Toplumun çevre bilincinin bu sayede gelişeceğinin altını çizen Görgün, "Depozito Yönetim Sistemi, yeni yılla birlikte uygulamaya konulacak. Bu sayede hem doğayı, iklimi ve çocuklarımızın geleceğini koruyacağız hem de yüz milyonlarca avroyu ekonomiye kazandıracağız. Atıkların toplanmasındaki en büyük motivasyonumuz çevre ve ekonomi olmalı. Türkiye'nin, Avrupa’daki gibi genişletilmiş üretici sorumluluğu politikasının altyapısını hızla oluşturması gerekiyor. Aksi halde iklim değişikliğiyle mücadelede başarısız olabiliriz. Bunun sonucunda sanayimiz, Avrupa ile ticaret yapamaz hale gelebilir. Bu nedenle herkesin konuya duyarlı yaklaşması gerekiyor" dedi.

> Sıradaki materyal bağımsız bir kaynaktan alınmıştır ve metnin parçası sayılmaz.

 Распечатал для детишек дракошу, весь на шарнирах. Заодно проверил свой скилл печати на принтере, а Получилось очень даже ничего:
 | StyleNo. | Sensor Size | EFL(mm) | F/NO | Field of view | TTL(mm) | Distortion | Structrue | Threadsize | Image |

"DEPOZİTO BEDELİ İADE EDİLECEK"
Depozito iade otomatlarının üretimini yapan firmanın sahibi Ayşegül Eroğlu ise sistem üzerinde 4 yıldır çalışıldığını belirtti. Paris İklim Anlaşması doğrultusunda, 2030’a kadar ambalaj atıklarının yüzde 65 oranında azaltılması hedefi doğrultusunda Depozito Yönetim Sistemi’nin hayata geçirileceğini aktaran Eroğlu, Türkiye Çevre Ajansı ile çalışmaların sıkı bir şekilde ilerlediğini ve sistemin uygulamaya hazır hale geldiğini ifade etti.

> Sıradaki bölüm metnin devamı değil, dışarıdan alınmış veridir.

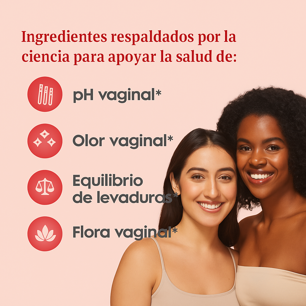 Contiene cepas probióticas con respaldo científico para flora vaginal equilibrada.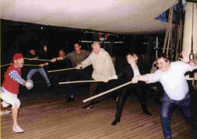 | Ein wüster Haufen Piraten... | ...überfällt heimtückisch Ihre ahnungslosen Gäste,... |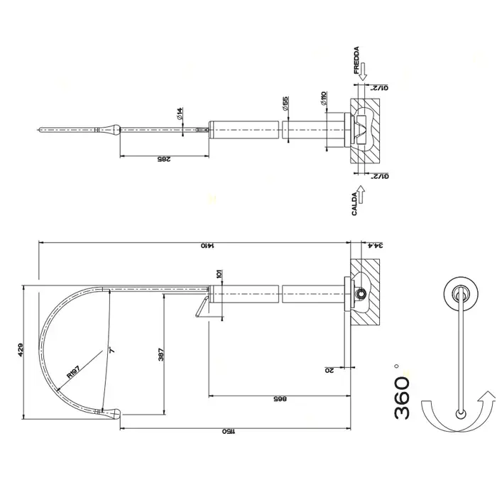 Длина излива, см
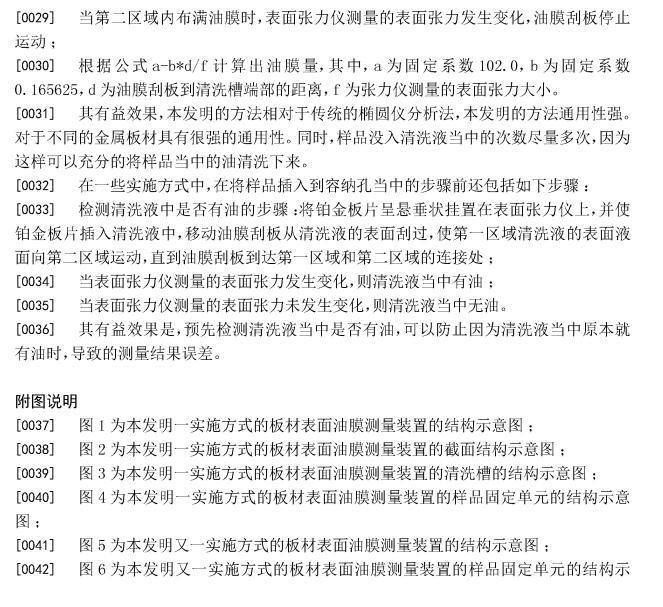 [0014]同時(shí)由于樣品固定單元是位于第一區(qū)域上方的,所以當(dāng)油清洗下來的時(shí)候,首先是在第一區(qū)域的清洗液面擴(kuò)散開來形成油膜。當(dāng)油膜刮板從第一區(qū)域的一端向著第二區(qū)域方向運(yùn)動的時(shí)候,油膜就會向第一區(qū)域運(yùn)動,當(dāng)?shù)谝粎^(qū)域內(nèi)聚滿油膜的時(shí)候,表面張力儀就會通過鉑金板片感應(yīng)到清洗液表面張力的變化,此時(shí)油油膜刮板停止運(yùn)動,計(jì)算出整個(gè)油膜的面積。為了方便計(jì)算油膜的面積,可以在清洗槽的邊沿上設(shè)置相應(yīng)的刻度,同時(shí)將油膜刮板設(shè)置成與清洗槽的邊沿相垂直。最后根據(jù)公式a-b*d/f計(jì)算出油膜量,其中,a為固定系數(shù)102.0,b為固定系數(shù)0.165625,d為油膜刮板到清洗槽端部的距離,f為張力儀測量的表面張力大小。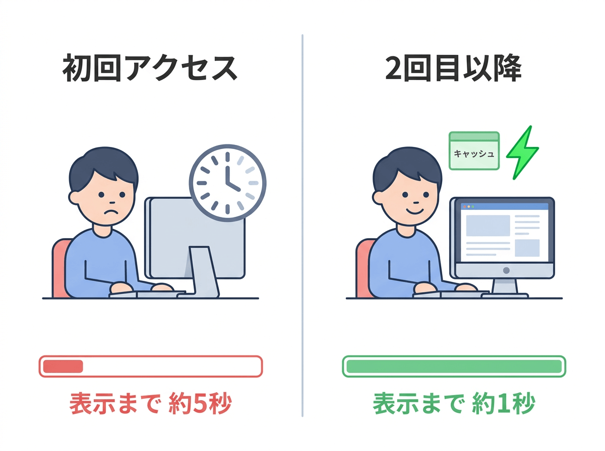 キャッシュとは、一度読み込んだデータを一時的に保存しておく仕組みです。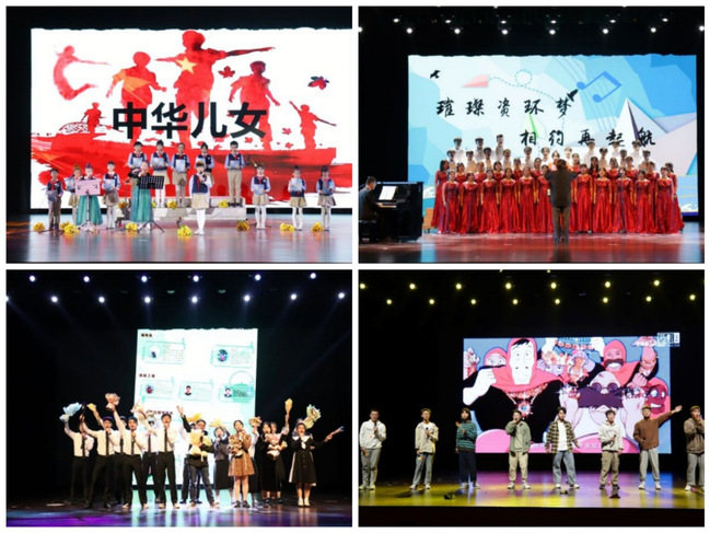 大赛在校艺术团合唱团徐徐而起的《南泥湾》拉开序幕,来自淮安实验小学可爱的小朋友们用稚嫩的童声唱响《中华少年》,尽显新生代风采;话剧《英魂归途》与群诵《觉醒年代》让我们梦回那段血与泪的革命岁月,向英烈们献上最崇高的敬意;小品《上课请听好》与《绝不躺平》活灵活现地演绎出了当代大学生的生活现状;《推开世界的门》《奔跑》《Double Power》等一系列歌舞表演为现场带来了一次次视听盛宴。

Eroğlu, "Vatandaşlar, içecek alırken bir depozito bedeli ödeyecek. Tüketim sonrasında şişe ve plastikleri geri götürerek ödedikleri depozito bedelini iade alabilecekler. Biz, geri dönüşümün en sağlıklı ve temiz şekilde yapılmasını, bu ürünlerin tekrar gıdada kullanılabilir hale getirilmesini ve sahteciliğin önlenmesini sağlayan makineler üretiyoruz. Bu makinelere, Depozito İade Makinaları, kısaca DİM diyoruz" diye konuştu.
"2025'te BU MAKİNELER SAHADA OLACAK"
Eroğlu, Depozito İade Makinelerinin (DİM), Teknofest gibi çeşitli organizasyonlarda ve çevre haftalarında tanıtıldığını belirterek, "2025 yılında bu makineler sahalarda yerini almaya başlayacak. Daha çok AVM'ler ve marketlerde bulunacak. İçecek atıklarının yalnızca geri dönüşüme değil, döngüsel ekonomiye kazandırılması gerekiyor. Bu, içecek ambalajlarının tekstil yerine yeniden gıda endüstrisinde kullanılmasını sağlamak anlamına geliyor. Bu nedenle içecek atıklarının temiz bir şekilde ayrıştırılması ve dönüştürülmesi büyük önem taşıyor. DİM makineleri ise bu süreç için temiz hammadde kaynağı sağlıyor" dedi.
"MAKİNELER SAYESİNDE TEMİZ OLACAK"
Eroğlu, mevcut ambalajların döngüsel ekonomiye kazandırılmasıyla yurt dışından atık ithal etme zorunluluğunun ortadan kalkacağına dikkat çekerek, makineler sayesinde ambalajların temizliğinden emin olunduğunu vurguladı.
Makinaların kullanımı hakkında bilgi veren Eroğlu, "Çevre Ajansı ve Darphane'nin oluşturduğu mobil bir aplikasyon var. Bu sistemi bir ATM gibi düşünebilirsiniz. Kullanımı oldukça basit. İlk olarak QR kodunuzu okutuyorsunuz, ardından elinizdeki plastik veya cam şişeyi makineye attığınızda depozito iade bedeli dijital cüzdanınıza aktarılıyor. Burada biriken paralar alışverişte kullanılabilir.
Bu makineleri Türkiye topraklarında üretiyoruz ve yüzde 75’inden fazlası yerli olacak şekilde tasarlanıyor. Ancak bu makineleri herkes üretemiyor. Devlet projesi olduğu için lisans ve tescil gerektiriyor" ifadelerini kullandı.